Страница 17 из 25
Но как же с Маяковским? Эту птицу не обойти ни прямиком, ни вкось: всю жадность ненасытных аппетитцев испортит, ставши в горле, эта кость! И вот к нему с приветом и поклоном как будто бы от партии самой: «Идите к ним, к бесчисленным мильонам, всей дружной пролетарскою семьей…» Он чуял, что и дружбой здесь не пахло и что-то непонятное росло, что жареным от МАППа и от АХРа на тысячу килóметров несло. Тогда, увидев, что за них не тянет, они решили, не скрывая злость, так одурманить или оболванить, чтоб свету увидать не довелось! Они читали лекции скрипуче, темнили ясность ленинских идей; они словцом презрительным «попутчик» клеймили всех не вхожих к ним людей. Формальным комсомольством щеголяя, ханжи, лжецы, наушники, плуты, — они мертвили разум, оголяя от всей его сердечной теплоты. А он не поддавался — он смеялся; он под ноги не стлался им ковром; он — с партией — погибнуть не боялся; он сам каленым метил их тавром — прозаседавшихся чиновных бюрократов и прочих трехнедельных удальцов; он все на свет вытаскивал, что, спрятав, они наследовали от отцов; он горлом продирался сквозь препоны, о стены искры высекал виском!.. И я теперь по-новому припомнил, как голову носил он высоко. Однажды мы шлялись с ним по Петровке; он был сумрачен и молчалив; часто — обдумывая строки — рядом шагал он, себя отдалив. «Что вы думаете, Коляда, если ямбом прикажут писать?» «Я? Что в мыслях у вас — беспорядок: выдумываете разные чудеса!» «Ну все-таки, есть у вас воображенье? Вдруг выйдет декрет относительно нас! Представьте такое себеположенье: ямб — скажут — больше доступен для масс». «Ну, я не знаю… Не представляю… В строчках я, кажется, редко солгу… Если всерьез, дурака не валяя… Просто, мне думается, не смогу». Он замолчал, зашагал, на минуту тенью мечась по витринным лампам, — и как решенье: «Ну, а я буду писать ямбом!»

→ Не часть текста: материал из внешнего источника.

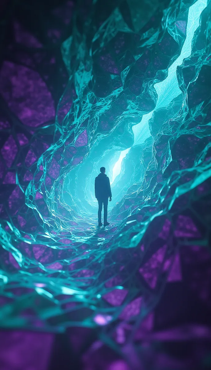 A silhouette of a person stands inside a glowing tunnel composed of chaotic turquoise and purple polygons. These polygons form a fractal-like, crystalline structure that seems to warp space, symbolizing a breakthrough into another dimension driven by strong willpower. The scene uses depth of field to emphasize the tunnel's depth and the unusual angle of view adds a dynamic, immersive feel. The combination of vibrant turquoise and purple hues with a translucent polygonal network evokes a stylish, sci-fi ambiance.
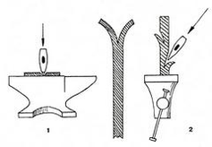 | Рис. 3 Разрубка: 1 — на наковальне; 2 — в тисках | ||

РАЗГОВОР С НЕИЗВЕСТНЫМ ДРУГОМ
В шалящую полночью площадь,
В сплошавшую белую бездну
Незримому ими — «Извозчик!»
Низринут с подъезда. С подъезда…
Пастернак, «Раскованный голос» Теперь разглядите, кого опишу я из тех — кто имеет бесспорное право на выход в трагедию эту большую без всяческих объяснений и справок. Нас всех воспитали и образовали по образу своему и подобью; на собственный лад именами назвали, с младенчества приучая к надгробью. Но мы же метались, мы не позволяли, чтоб всех нас в нули округляли по смете: кистями, мелодиями рояля, стихами — дрались против пыли и смерти. Мы, гневом захлебываясь, пьянели, нам море былого было по колени, и мы выходили пылать на панели глазами блистающего поколенья. Нет, мы не давались запрячь нас в упряжку! Ведь то и входило нам жизни в задачу, чтоб не превратиться за денежку-бляшку в чужого нам промысла тощую клячу. В четыре копыта лошажья походка; на лошади двигаться — предкам пристало. А если вокруг задувает погодка? А если дорогу пургой обсвистало? В четыре стопы не осилишь затора, уж как бы уютно вы в сани ни сели… И только высокая сила мотора полетом слепым нас доводит до цели. И как бы наш критик ни дулся, озлоблен, какие бы нам ни предсказывал дали, — ему не достать нас кривою оглоблей, не видеть, как в тучах мы запропадали. О нет, завожу не о форме я споры; но — только взлечу я над ширью земною, — заборы, заборы, замки и затворы преградой мелькают внизу подо мною.